El método Topsy Turvy y el huerto colgante sin suelo tradicional

  • Aprovechar recipientes reciclados (baldes, cajas, garrafas, botellas, pallets) permite montar un huerto colgante y en contenedores casi sin gasto.
  • El método Topsy Turvy y otros sistemas invertidos o verticales funcionan si se cuida el sustrato, el riego y la protección de raíces frente al sol y al calor.
  • Elegir bien el volumen y tipo de maceta según cada cultivo (tomate, frutilla, lechuga, pimientos, calabacines…) marca la diferencia en vigor y cosecha.
  • Un buen sustrato ligero y bien drenado, con abono orgánico ajustado, evita encharcamientos, hongos y carencias nutritivas en cualquier montaje de huerto urbano.

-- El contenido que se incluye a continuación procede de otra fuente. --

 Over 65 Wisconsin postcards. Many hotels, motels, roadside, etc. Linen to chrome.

plantas si no tiene suelo o jardin

Si tienes poca tierra o prácticamente no dispones de suelo cultivable, pero sueñas con recolectar tomates y frutillas (fresas) en casa, el llamado método Topsy Turvy y los huertos colgantes y en contenedor son una salida estupenda. No se trata sólo de colgar una maceta boca abajo: detrás hay decisiones sobre recipientes, sustrato, drenaje, riego y elección de variedades que marcan la diferencia entre una planta enclenque y una cosecha generosa.

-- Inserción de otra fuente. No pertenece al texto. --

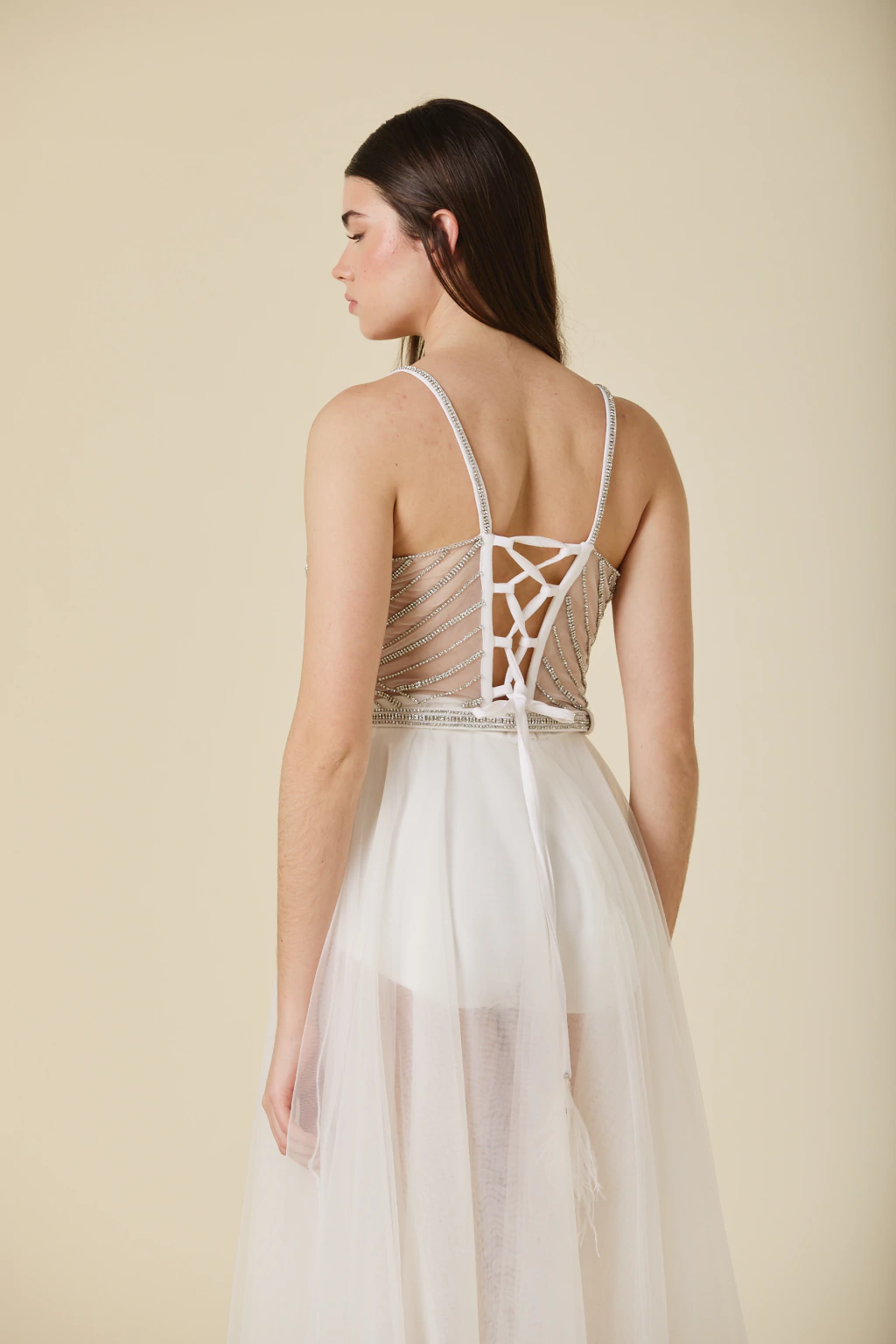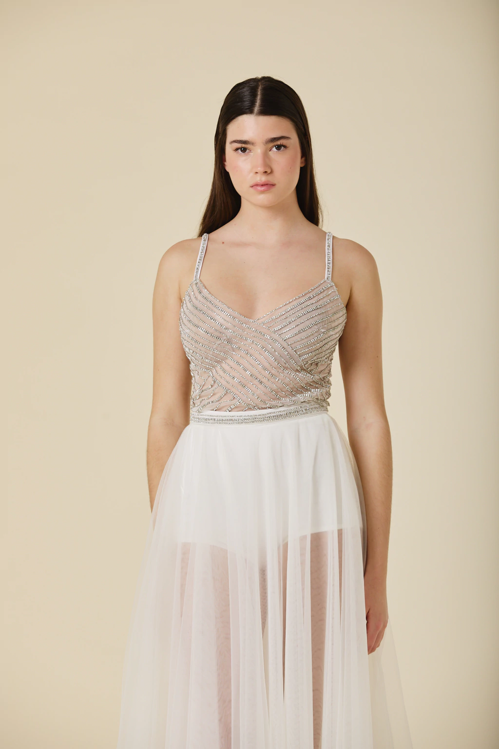 Brillo sutil, impacto asegurado. Este top de tul bordado se destaca por su trabajo artesanal de lentejuelas en diagonales, realzando el escote con líneas que dibujan la figura. El detalle de espalda en crepe aporta estructura, y el pequeño recorte frontal insinúa con delicadeza. Una prenda ideal para elevar conjuntos de noche o eventos especiales, con un equilibrio justo entre romanticismo y diseño contemporáneo.

En este artículo vas a encontrar una guía muy completa, basada en multitud de experiencias reales: desde quien acumula decenas de baldes de 17 litros para trasplantar todo su macetohuerto, hasta los que plantan en cajas de fruta, garrafas, pallets, cajones de armario, mesas de cultivo caseras o incluso jardineras colgantes hechas con botellas de refresco.

Lo vamos a hilar todo alrededor de la idea central: cómo montar sistemas colgantes o en contenedor (incluido el estilo Topsy Turvy) para tomates y frutillas sin usar la típica tierra de jardín.

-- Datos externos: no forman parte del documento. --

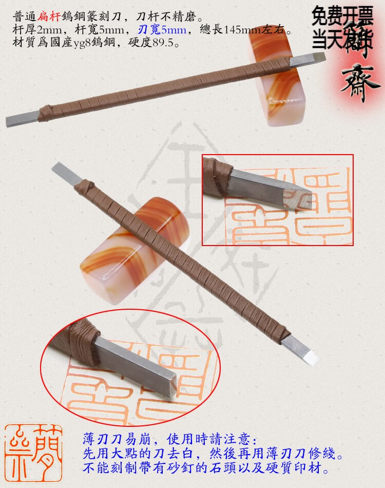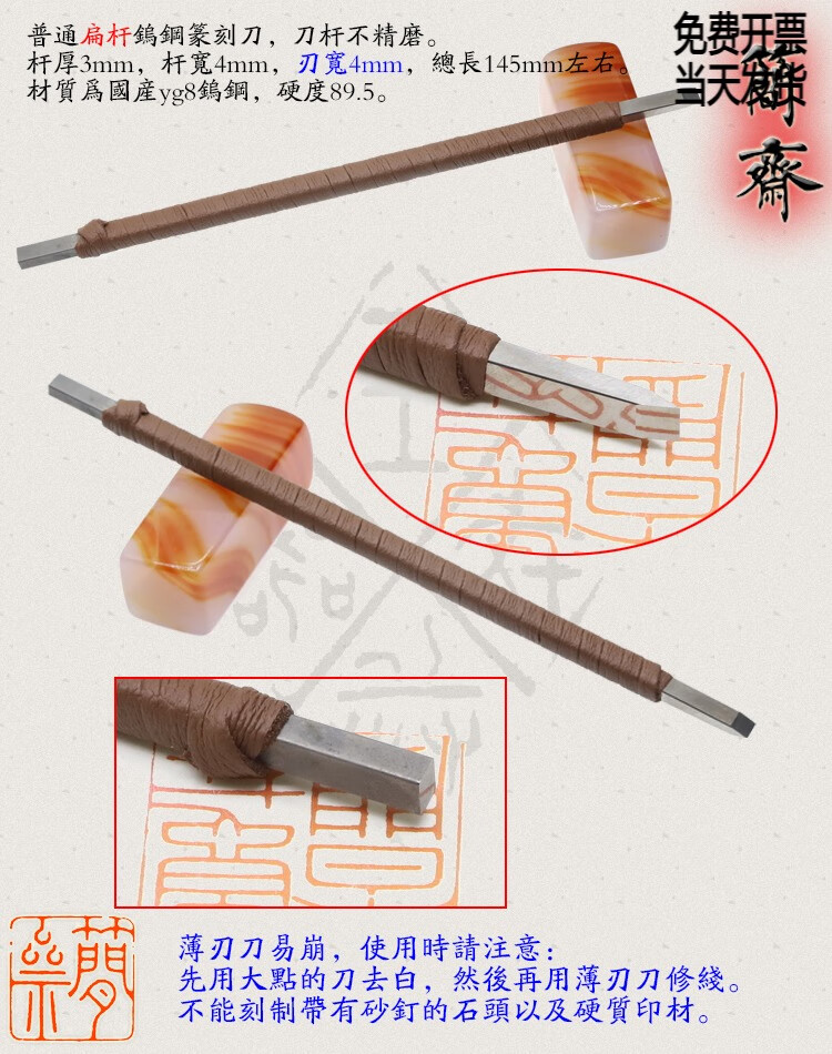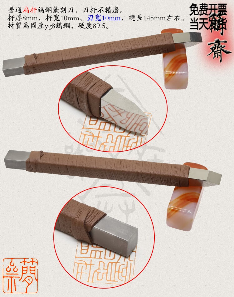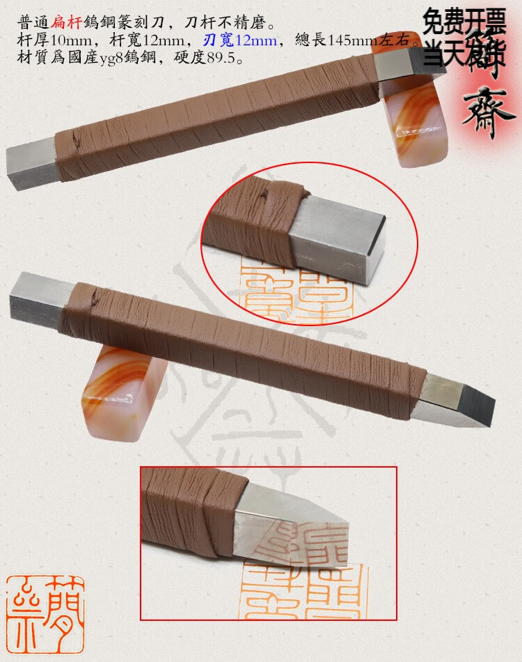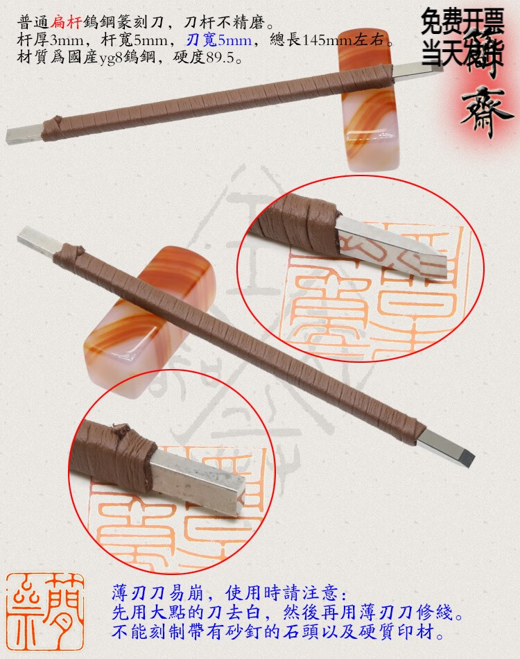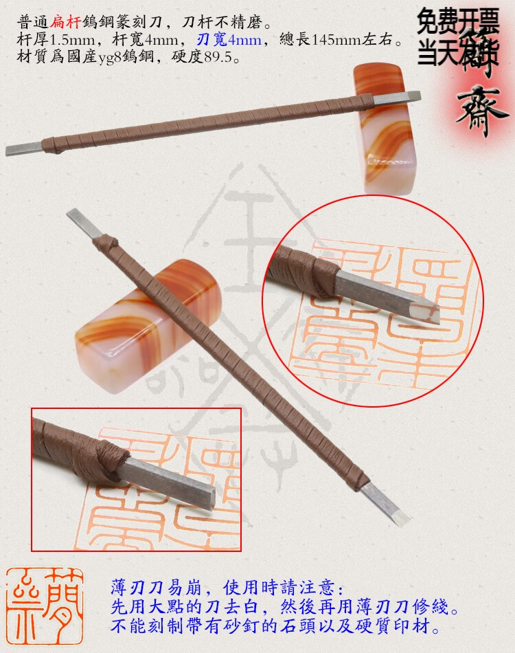 Jianzhai seal carving knife, domestic yg8 tungsten steel, ordinary flat rod, blade width 3 4 5 6 8 10 12mm, 2x3mm flat rod, 3mm blade width

Qué es realmente el método Topsy Turvy (y qué no)

Lo que popularmente se conoce como método Topsy Turvy no es más que un sistema de cultivo invertido: la planta, normalmente una tomatera o pimiento, se planta en un recipiente colgante y el tallo sale por un agujero en la parte inferior, creciendo hacia abajo por gravedad. La bolsa o maceta se rellena con sustrato y la boca superior queda arriba para regar.

La idea es evitar tutores, mejorar la aireación del follaje y aprovechar el espacio vertical cuando no hay suelo disponible. En Francia se vendió como TOPSY TURVY II para tomates cherry, pimientos, berenjenas, calabacines, judías enanas y aromáticas, destacando que se evitan tutorados pesados y se cosecha a la altura de la mano.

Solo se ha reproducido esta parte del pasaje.